Your objective >> Using only the entries below, copy exactly the lines that begin at the one with "Bunter Streifen-Muster-individueller Name" and end at the one with "阳光讯(记者 赵小康 通讯员", both included. Drop the pictures.

Dataset records >>
=== Section Start ===

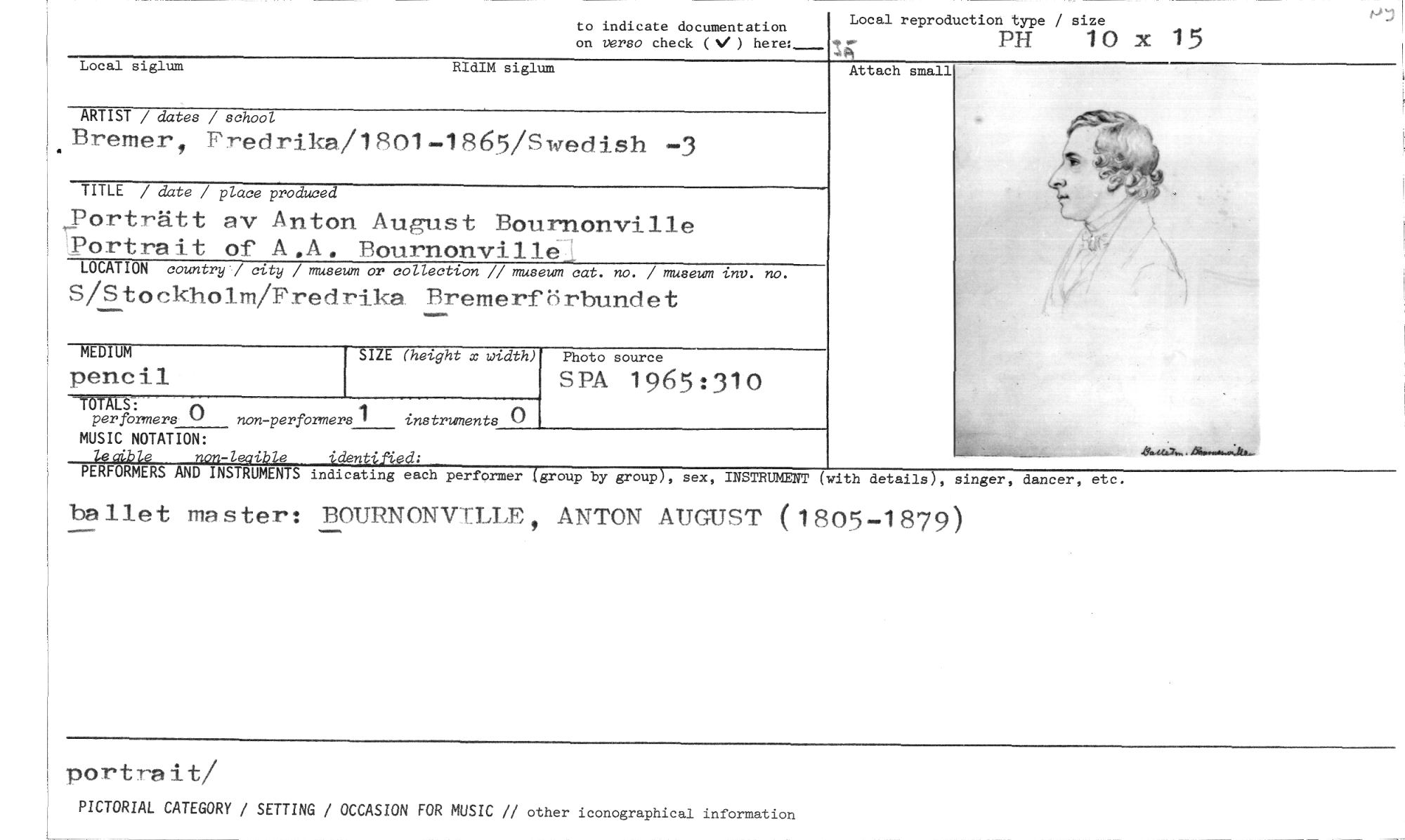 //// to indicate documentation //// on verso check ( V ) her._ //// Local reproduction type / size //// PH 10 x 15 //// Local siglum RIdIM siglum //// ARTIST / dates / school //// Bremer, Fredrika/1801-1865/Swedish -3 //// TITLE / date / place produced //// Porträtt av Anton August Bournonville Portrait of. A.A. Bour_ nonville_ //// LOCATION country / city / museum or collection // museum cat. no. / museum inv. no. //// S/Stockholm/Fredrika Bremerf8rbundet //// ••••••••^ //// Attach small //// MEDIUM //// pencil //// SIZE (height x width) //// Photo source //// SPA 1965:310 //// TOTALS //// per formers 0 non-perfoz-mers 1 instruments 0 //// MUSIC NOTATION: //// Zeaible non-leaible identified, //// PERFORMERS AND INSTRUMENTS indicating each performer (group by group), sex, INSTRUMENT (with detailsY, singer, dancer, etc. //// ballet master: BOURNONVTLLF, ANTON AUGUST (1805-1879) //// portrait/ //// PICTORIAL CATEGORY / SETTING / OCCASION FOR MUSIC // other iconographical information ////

=== Section End ===
=== Section Start ===

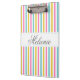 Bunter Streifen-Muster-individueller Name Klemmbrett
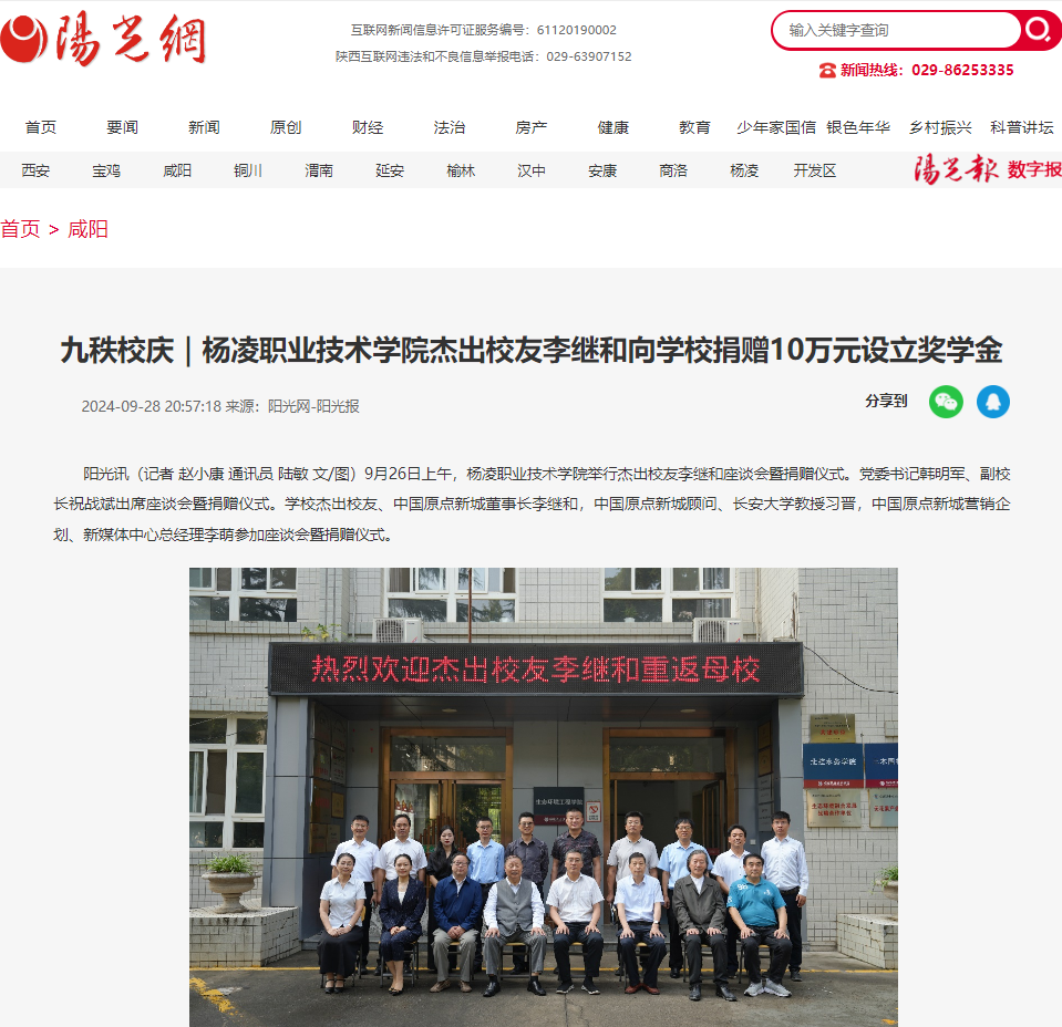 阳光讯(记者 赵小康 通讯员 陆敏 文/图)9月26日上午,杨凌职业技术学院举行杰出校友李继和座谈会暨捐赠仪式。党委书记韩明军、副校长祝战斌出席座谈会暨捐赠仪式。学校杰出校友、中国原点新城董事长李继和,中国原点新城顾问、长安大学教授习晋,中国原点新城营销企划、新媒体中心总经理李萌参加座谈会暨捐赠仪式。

=== Section End ===

Solution >>
 Bunter Streifen-Muster-individueller Name Klemmbrett
 阳光讯(记者 赵小康 通讯员 陆敏 文/图)9月26日上午,杨凌职业技术学院举行杰出校友李继和座谈会暨捐赠仪式。党委书记韩明军、副校长祝战斌出席座谈会暨捐赠仪式。学校杰出校友、中国原点新城董事长李继和,中国原点新城顾问、长安大学教授习晋,中国原点新城营销企划、新媒体中心总经理李萌参加座谈会暨捐赠仪式。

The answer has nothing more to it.